Faltam projetos políticos. O município está enfraquecido", ressaltou. "Cadê o dinheiro?" Jânio revelou que somente no ano passado, Caracaraí obteve R$ 13 milhões de receita. "E a prefeita se nega a dizer aonde o dinheiro foi investido. Queremos saber a verdade. Onde o dinheiro foi parar?", questionou.
Os R$ 13 milhões são oriundos do FPM, de transferências estaduais, federais e da arrecadação do município. "Portanto, falta transparência da aplicação desses recursos. Já solicitamos as informações, mas Vaninha sempre nega", lamentou. Questionado sobre a atual situação de Caracaraí, o vereador orientou a Reportagem a recorrer ao povo. "Percebam vocês mesmos, como a insatisfação aqui é grande. Há deficiências em todas as áreas, educação, saúde, segurança".
Prefeita
Respondendo aos ataques da oposição, a prefeita criticou com veemência os vereadores. Rebateu as denúncias dizendo que a Câmara quer emperrar a administração municipal por questões políticas. "Eles não aceitam a derrota nas urnas. Fui a primeira prefeita a vencer um pleito contra as máquinas municipal e estadual. Parecia Davi contra Golias. Agora, estou moralizando a administração. E eles têm que entender que não há mais privilégios", disparou.
Sobre a omissão de informações, a prefeita deixou claro que continuaria se negando porque, segundo ela, os vereadores não estão obedecendo aos prazos previstos na lei. "Querem tudo em dois, três, 15 dias. A lei me garante 30 ou até 60 dias para me pronunciar", justificou, ressaltando que por esse motivo não é obrigada a cumprir os pedidos.
Ainda conforme Vaninha, meses atrás, os opositores pediram e receberam a relação da folha de pagamento dos servidores.

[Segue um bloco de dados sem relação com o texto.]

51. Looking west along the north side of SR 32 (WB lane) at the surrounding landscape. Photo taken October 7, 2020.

No dia seguinte, garantiu Vaninha, xérox dos documentos foram espalhadas pela cidade. "E isso é um crime. É para isso que querem informações sigilosas?", indagou.

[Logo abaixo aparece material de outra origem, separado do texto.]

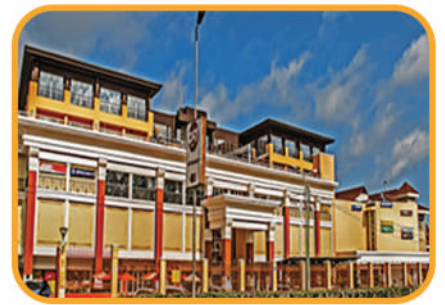
Nyali City Mall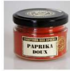
Sweet paprika 3.80 €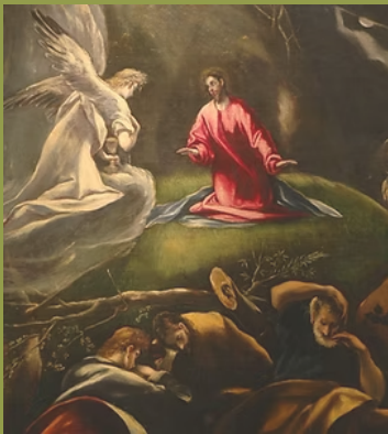
La Oración del Huerto El Greco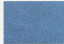
29. Nautilus Blue Metallic

Sem recursos Vaninha admitiu que não há dinheiro suficiente para a manutenção e limpeza da cidade. As reduções do ICMS e do FPM, segundo ela, prejudicaram os trabalhos da atual administração. Contudo, a prefeita garantiu que o seu próximo desafio será limpar Caracaraí. "Sei que a cidade está dentro do mato, mas já abrimos processo licitatório. O certame está em fase de conclusão. Não é simples, como pensam. Só para limpar a sede, precisamos de R$ 250 mil. E não temos hoje este dinheiro", frisou.
Nepotismo
Os vereadores de oposição e a população também reclamam de um suposto nepotismo na prefeitura. Mais de 15 parentes de primeiro e segundo graus de Vaninha estariam ocupando cargos de confiança e recebendo bons salários. A prefeita não escondeu o jogo. Disse que a Lei do nepotismo vale apenas para o Poder Judiciário. "Ponho para trabalhar quem eu confio, por isso o cargo é de confiança", respondeu.

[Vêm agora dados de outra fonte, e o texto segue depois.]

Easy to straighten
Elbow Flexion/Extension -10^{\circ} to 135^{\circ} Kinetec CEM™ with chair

Vaninha também aproveitou para desmentir aqueles que lhe acusam de perseguidora. Ela garantiu que, desde quando assumiu, nunca demitiu alguém. Ao final da entrevista, a prefeita e alguns secretários mostraram à reportagem o principal motivo da falta de recurso do município, o que estaria prejudicando o desenvolvimento da cidade. Caracaraí tem de R$ 8 a R$ 10 milhões para receber em projetos que já foram analisados e aprovados em Brasília.
"Mas corremos o risco de não receber por causa da inadimplência deixada pela administração passada", lamentou Vaninha.